15 June, 2005  17:29 GMT
 Japan currently tests all its cattle for the disease before slaughter, and had earlier demanded that the United States adopt a similar system before imports could resume.
Japan's Agriculture Minister Yoshinobu Shimamura called his US counterpart late Wednesday to give him an update on Tokyo's debate over whether to end a 17-month ban on American beef imports, an official said.
Washington has intensified pressure on Tokyo to end the US beef ban, which Japan has kept since December 2003. The ban in the most lucrative market for US beef started in December 2003, after the United States discovered its first case of mad cow disease.
Mad Cow Dispute
Shimamura told US Agriculture Secretary Mike Johanns about the Japanese Food Safety Commission's recommendation last month that the government waive mad cow disease tests for domestic cattle under 21 months old, considered less likely to be infected, said ministry official Hirofumi Kugita.

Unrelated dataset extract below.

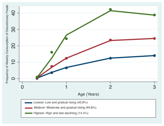 Three distinct discretionary foods trajectories were identified (Figure 2): trajectory 1—‘Lowest consumers—Low and gradual rising’ comprising 40.8% of the sample; trajectory 2—‘Medium consumers—Moderate and gradual rising’ comprising 44.8%; and trajectory 3—‘Highest consumers—High and late declining’ comprising 14.4%. The resulting patterns indicate that children’s discretionary foods intake steadily increased between 4 months and 3 years of age. Between 2 and 3 years of age, children who had the lowest and medium trajectories continued to have slightly higher or stable intakes respectively, whilst children who had the highest trajectories began a downward trend in discretionary foods consumption. Overall, all three trajectories remained distinctive with advancing age (Figure 2).

That recommendation marked a major step toward resuming imports of beef from the United States, though no time frame has been given for the resumption of trade.
"Shimamura was only conveying information that has already been made public before," Kugita said, adding that the talks also covered issues related to the World Trade Organization, the international body that makes the rules for commerce. He declined to elaborate.
Tokyo said Tuesday that negotiations with Washington over the mad cow dispute won't be set back by a suspected second US case of the illness discovered last week. Japanese media reports said the two officials likely discussed that on Wednesday.
Blanket Testing
The
US Agriculture Department said last Friday it will seek further testing of a tissue sample from a "downer" cow -- one unable to walk -- after receiving conflicting results on tests of it for mad cow disease.
Japan currently tests all its cattle for the disease before slaughter, and had earlier demanded that the United States adopt a similar system before imports could resume. Japanese consumer groups want the government to keep out US beef until Washington agrees to blanket testing.
Washington has rejected that demand as a waste of resources and one not based on scientific data.
Mad cow disease is also called bovine spongiform encephalopathy or BSE. Eating infected beef is thought to cause variant Creutzfeldt-Jakob disease, a fatal brain disorder that has killed more than 150 people, mostly in Britain in the 1990s.